Valence electrons:
1) Exist on the outermost shell of an atom
2) Take part in chemical reactions
3) Are all electrons except those IN THE CORE, THOSE IN FILLED D- or F- SUBSHELLS
Here is some important terminology:
An open shell is a shell that has fewer than the maximum amount of electrons occupying it. In this picture, the 2nd or outermost shell of the oxygen atom is the open shell. While it can hold 8 electrons, only 6 occupy the shell.
A closed shell is a shell that contains the maximum number of electrons that it can hold. In this example, the closed shell is the first one. It contains two electrons - the most that it can hold.

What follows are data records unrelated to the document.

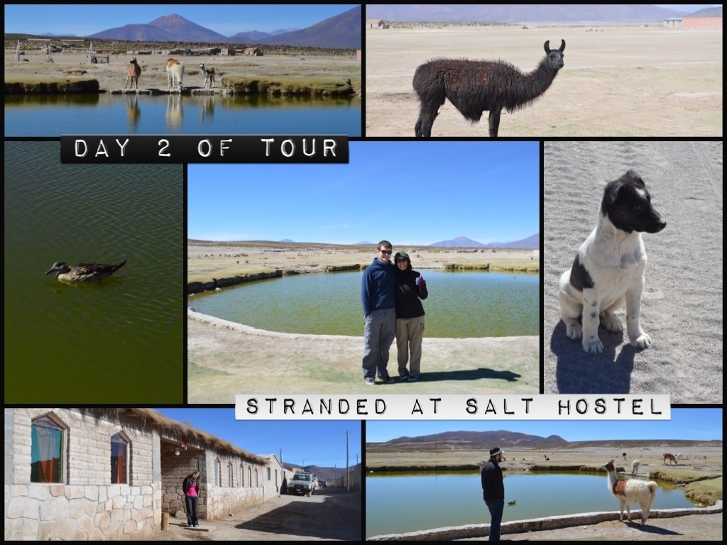 Here we are with four fellow disappointed group members sitting outside the Salt Hostel we stayed at last night by a little man-made pond with one duck swimming in it and some llamas occasionally drinking some water. The sky is bright blue and there’s a chilly breeze blowing.
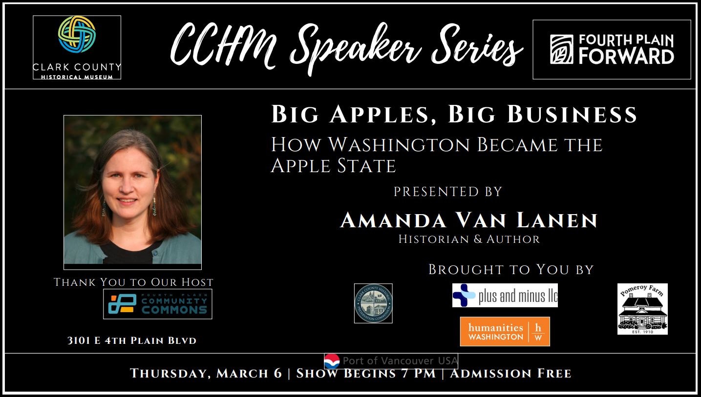 Clark County Historical Museum, Fourth Plain Forward and Humanities Washington invite the community to a presentation at 7 p.m. March 6 by history professor Amanda L. Van Lanen as part of the museum’s Speaker Series. “Big Apples, Big Business: How Washington Became the Apple State,” will delve into the history of Washington’s rise as the nation’s top apple producer and explore how the apple industry transformed from a regional crop to an industrialized commodity. Van Lanen is the author of “The Washington Apple: Orchards and the Development of Industrial Agriculture.” Doors open at 6:30 p.m. at Fourth Plain Commons, 3101 E. Fourth Plain Blvd., Ste. 101, Vancouver. Admission is free. For more details, call 360-993-5679 or email ou******@*******um.org.
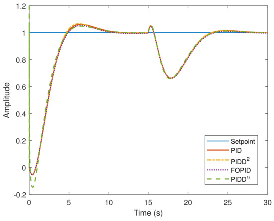 Here, each controller structure can control the output for achieving each set-point change following the step response. The proposed PIDD controller outperforms its competitors, delivering the best overall performance. Further, to simulate plant behaviour where external disturbances occur, a disturbance magnitude of −0.2 is introduced to the controller structure at 15 s for disturbance rejection. Figure 11 demonstrates that each controller structure can reject the disturbance by controlling the output to attain the set-point following the step response. The proposed PIDD controller stands out from its competitors, delivering the best overall performance.
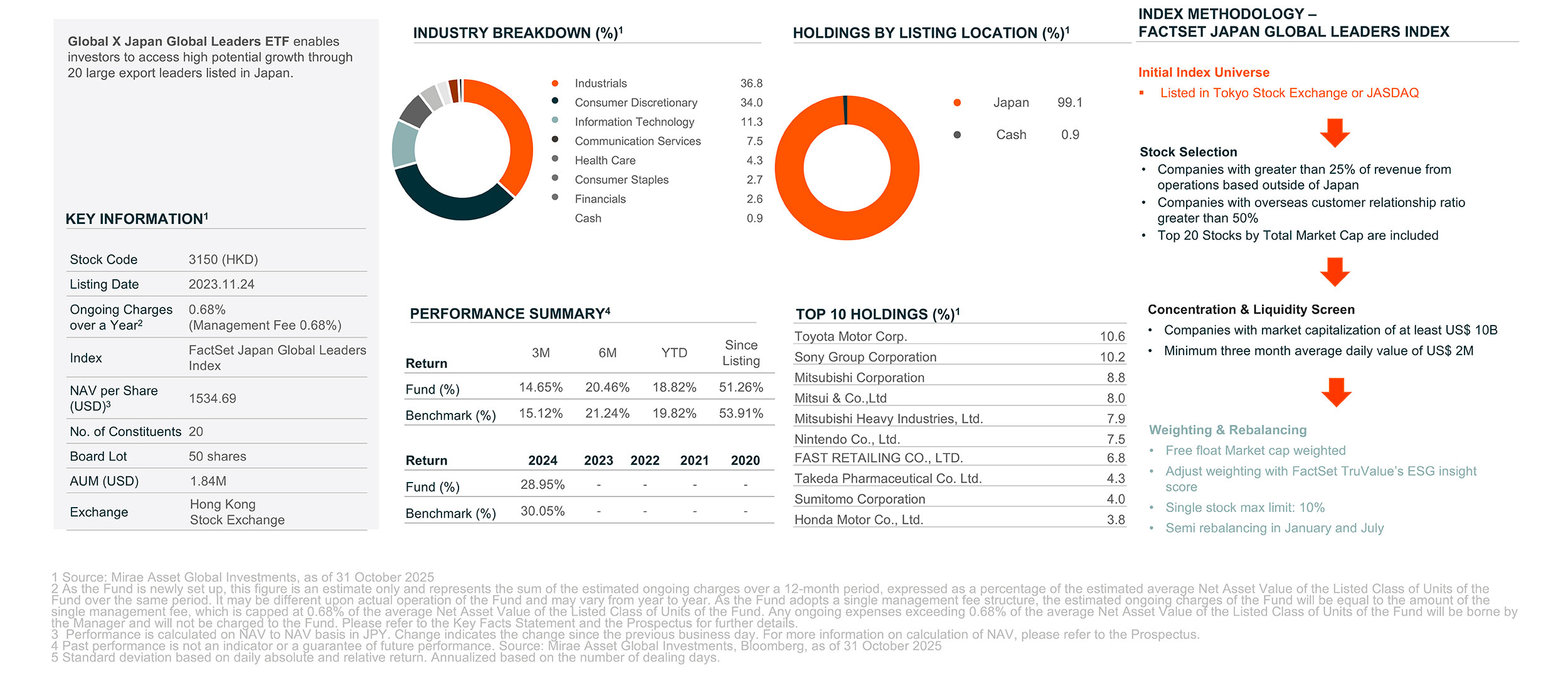 - The investment objective of Global X Japan Global Leaders ETF (the “Fund”) is to provide investment results that, before fees and expenses, closely correspond to the performance of the FactSet Japan Global Leaders Index.
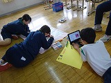 避難訓練前、訓練後にはタブレットでワークシートに取り組みました。
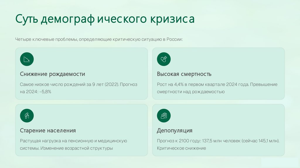 Суть демограф ического кризис аЧетыре ключевые проблемы, определяющие критическую ситуацию в России:

Let's look at the core notation for SULPHUR
S = 1s^22s^22p^63s^23p^4 CORE: [Ne]3s^23p^4
From the core notation, we look at the portion that is not within brackets. We then add up the superscripts of the s and p orbitals and get 6. Thus, we can conclude that there are six valence electrons in sulphur. We don't add up the superscripts of the d- or f- orbitals unless they aren't full.
Some unrelated terminology on the periodic table.
Periodic Law - the properties of certain chemical elements that occur every so often when the elements are placed in their order.
Ianthanides - the first row under the table that starts with lanthanum.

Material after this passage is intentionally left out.